[BioPython] About the tutorial: Fasta files as Dictionaries

Brad Chapman chapmanb@arches.uga.edu
Thu, 5 Jul 2001 16:39:14 -0400


Hi Quoc-Dien;

> I was wondering if we could use another "function_to_get_index_key than
> "get_accession_number". 

Definately! The "get_accession_number" function in the Tutorial is
just meant to be an example of the type of function you can write to
index the files by. In general, the purpose of the
"function_to_get_index_key" argument to index_file is to allow
flexibility in indexing the FASTA file.

So, just write another function insted of get_accession_number, and
pass it in as the third argument to index_file:

def my_new_function(fasta_record):
    # process the record however you'd like in order to get your key

    # return the key

index_file("my_file", "my_index_file", my_new_function)

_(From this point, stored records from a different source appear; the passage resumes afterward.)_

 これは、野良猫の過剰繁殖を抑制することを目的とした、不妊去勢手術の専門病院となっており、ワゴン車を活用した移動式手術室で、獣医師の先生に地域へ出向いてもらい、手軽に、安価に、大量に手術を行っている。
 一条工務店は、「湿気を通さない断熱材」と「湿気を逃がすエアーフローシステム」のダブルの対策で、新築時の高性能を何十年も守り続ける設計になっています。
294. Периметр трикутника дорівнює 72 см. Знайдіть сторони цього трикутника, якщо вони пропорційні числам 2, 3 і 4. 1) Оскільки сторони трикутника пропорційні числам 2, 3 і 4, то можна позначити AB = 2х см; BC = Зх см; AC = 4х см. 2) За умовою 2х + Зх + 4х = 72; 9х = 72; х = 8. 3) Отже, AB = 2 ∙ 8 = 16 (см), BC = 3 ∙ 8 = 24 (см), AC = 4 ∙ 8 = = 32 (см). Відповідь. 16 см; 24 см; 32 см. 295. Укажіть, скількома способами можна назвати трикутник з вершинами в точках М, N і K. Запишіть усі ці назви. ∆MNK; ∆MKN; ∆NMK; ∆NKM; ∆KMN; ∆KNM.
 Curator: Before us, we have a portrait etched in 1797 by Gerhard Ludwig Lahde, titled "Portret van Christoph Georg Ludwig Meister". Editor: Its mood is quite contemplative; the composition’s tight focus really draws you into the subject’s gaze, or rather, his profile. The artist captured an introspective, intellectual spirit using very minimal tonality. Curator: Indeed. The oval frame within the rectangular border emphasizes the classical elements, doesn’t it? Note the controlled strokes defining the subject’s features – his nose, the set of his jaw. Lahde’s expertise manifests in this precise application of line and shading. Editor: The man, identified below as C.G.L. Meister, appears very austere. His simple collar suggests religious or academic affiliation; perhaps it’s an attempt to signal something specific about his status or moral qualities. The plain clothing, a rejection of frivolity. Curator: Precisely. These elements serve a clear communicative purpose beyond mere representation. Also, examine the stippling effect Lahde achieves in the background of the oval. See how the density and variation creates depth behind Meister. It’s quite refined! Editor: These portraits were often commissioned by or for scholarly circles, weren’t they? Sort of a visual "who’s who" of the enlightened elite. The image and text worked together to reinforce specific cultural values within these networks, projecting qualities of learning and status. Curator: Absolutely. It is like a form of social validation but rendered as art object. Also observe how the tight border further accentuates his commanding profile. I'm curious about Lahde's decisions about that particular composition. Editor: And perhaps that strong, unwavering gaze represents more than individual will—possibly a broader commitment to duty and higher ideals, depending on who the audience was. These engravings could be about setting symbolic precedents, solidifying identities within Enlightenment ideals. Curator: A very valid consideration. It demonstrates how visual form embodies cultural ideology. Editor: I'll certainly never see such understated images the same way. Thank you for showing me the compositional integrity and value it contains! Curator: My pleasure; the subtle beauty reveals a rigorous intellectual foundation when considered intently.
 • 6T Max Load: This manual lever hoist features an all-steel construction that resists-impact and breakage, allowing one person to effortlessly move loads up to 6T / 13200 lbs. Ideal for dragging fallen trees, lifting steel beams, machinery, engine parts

A reference to the function (ie. the name of the function) is passed
as the third argument argument

> The accession number is a great way to index
> sequences, but the problem with it is that sometimes, multiple sequences
> files can have the accession number, and the python script cannot
> work.

We totally agree! That's supposed to be the general idea behind being
able to pass in any function at all.

> Therefore, I would like to index the sequences using their GenBank Id
> instead. Is it possible?

Yup, the example was hoping to get across both:

-> That it is possible to do this.

-> An example of how to do this.

I'll go back and look at that section again to see if I can make it
more clear. Do you have any suggestions that would make it clearer for
you?

Hope this helps. Please don't hesitate to ask again if you have more
questions! 

Brad